(Task instructions):
Quote the whole listing exactly. Leave the pictures out of your copy.

(Input data):
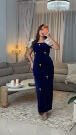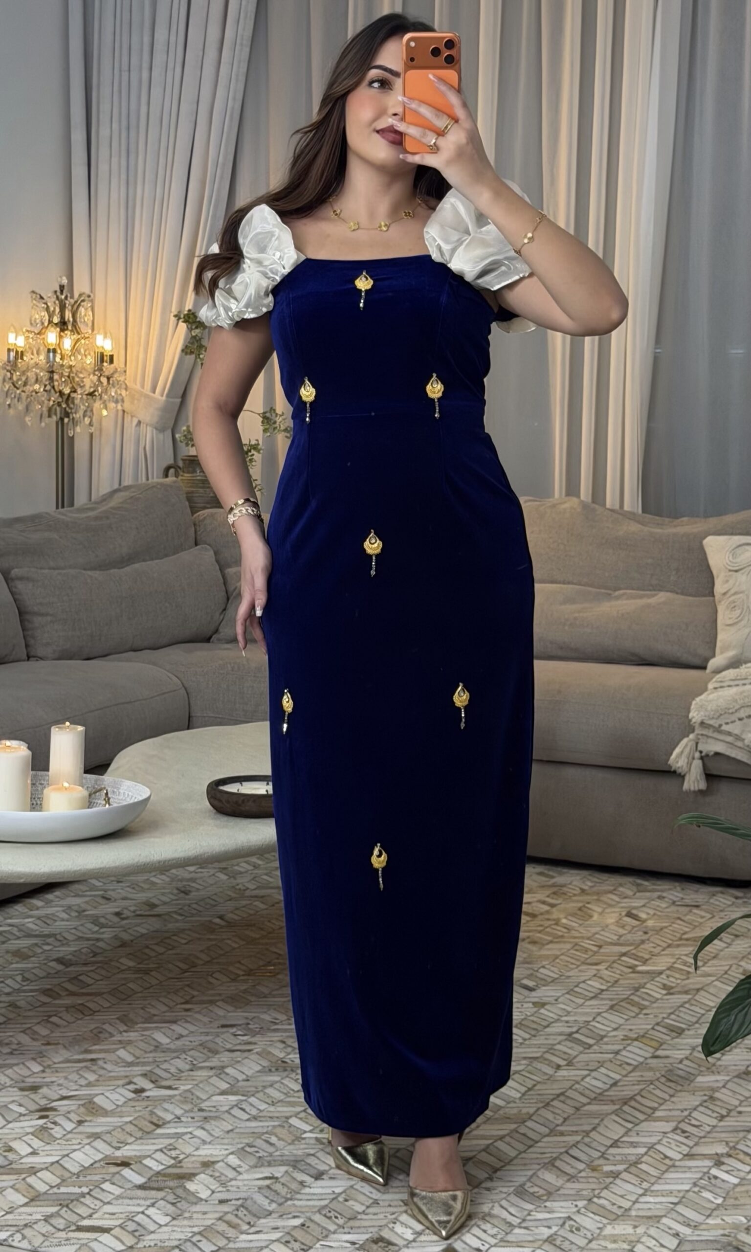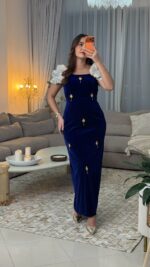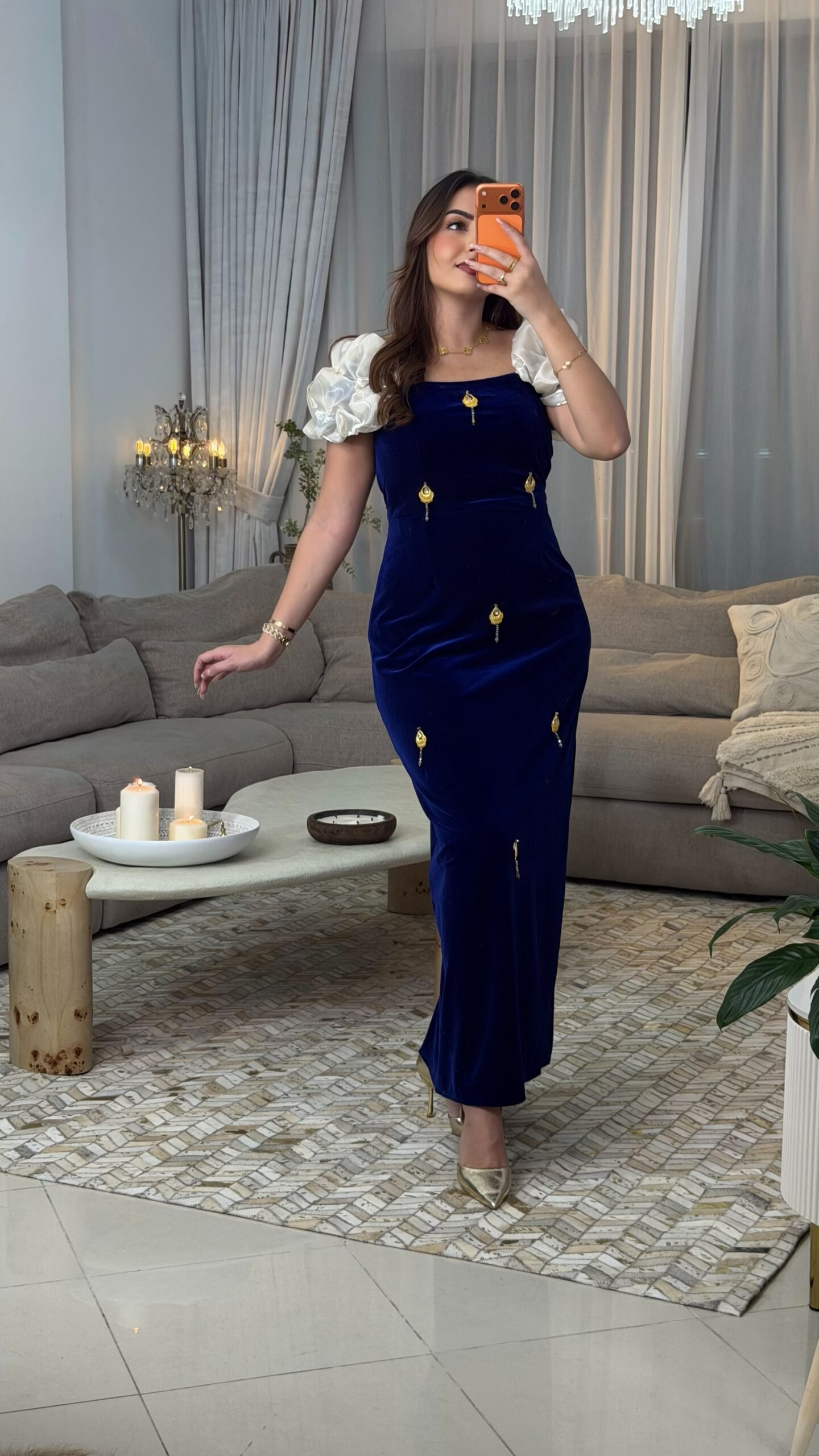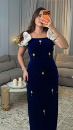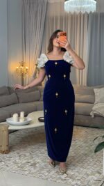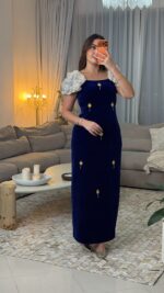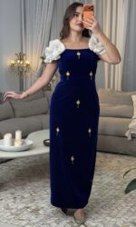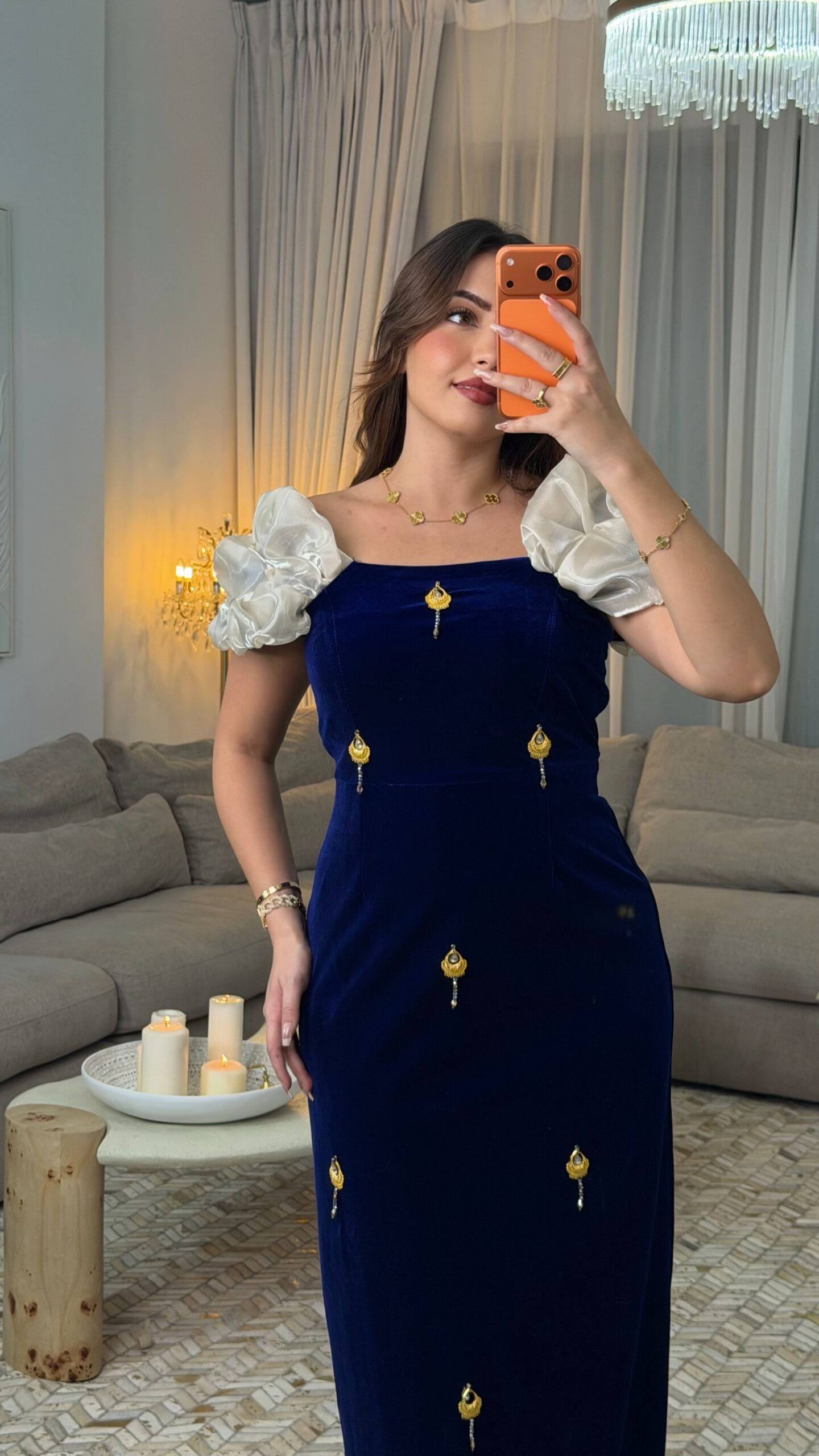 مصنوع من قماش القطيفة الفاخر الذي يعكس الأناقة في كل تفصيل، مع أكمام من الأورغانزا تضيف لمسة من النعومة والتميّز.
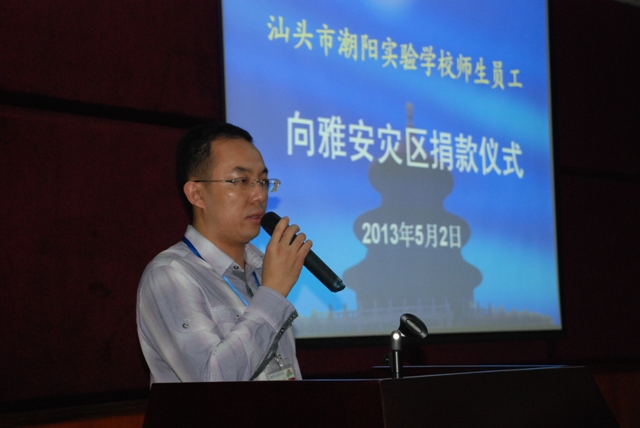 2013年5月2日晚上6點(diǎn)40分,潮陽(yáng)實(shí)驗(yàn)學(xué)校教職員工和學(xué)生在初中部多功能廳為四川雅安災(zāi)區(qū)舉行了簡(jiǎn)樸而隆重的捐款儀式。參加活動(dòng)的有學(xué)校全體校務(wù)委員、各學(xué)部政教處主任、年級(jí)組長(zhǎng)、各學(xué)部每班一位學(xué)生代表。儀式由學(xué)校團(tuán)委書(shū)記鄭楚堅(jiān)主持,學(xué)校黨支部副書(shū)記張杰檳發(fā)表講話,初中一年級(jí)12班陳旭正同學(xué)代表全體同學(xué)發(fā)言。涓涓細(xì)水,匯集成流,本次活動(dòng)共收到師生捐款人民幣共482389.9元+港幣100元+澳元45元。
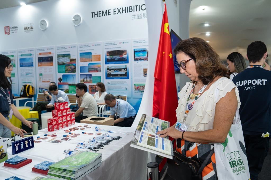 2025年11月12日,在巴西贝伦,嘉宾在COP30会场内的“中国角”阅读展示资料。新华社记者 王天聪 摄

(Answer):
 مصنوع من قماش القطيفة الفاخر الذي يعكس الأناقة في كل تفصيل، مع أكمام من الأورغانزا تضيف لمسة من النعومة والتميّز.
 2013年5月2日晚上6點(diǎn)40分,潮陽(yáng)實(shí)驗(yàn)學(xué)校教職員工和學(xué)生在初中部多功能廳為四川雅安災(zāi)區(qū)舉行了簡(jiǎn)樸而隆重的捐款儀式。參加活動(dòng)的有學(xué)校全體校務(wù)委員、各學(xué)部政教處主任、年級(jí)組長(zhǎng)、各學(xué)部每班一位學(xué)生代表。儀式由學(xué)校團(tuán)委書(shū)記鄭楚堅(jiān)主持,學(xué)校黨支部副書(shū)記張杰檳發(fā)表講話,初中一年級(jí)12班陳旭正同學(xué)代表全體同學(xué)發(fā)言。涓涓細(xì)水,匯集成流,本次活動(dòng)共收到師生捐款人民幣共482389.9元+港幣100元+澳元45元。
 2025年11月12日,在巴西贝伦,嘉宾在COP30会场内的“中国角”阅读展示资料。新华社记者 王天聪 摄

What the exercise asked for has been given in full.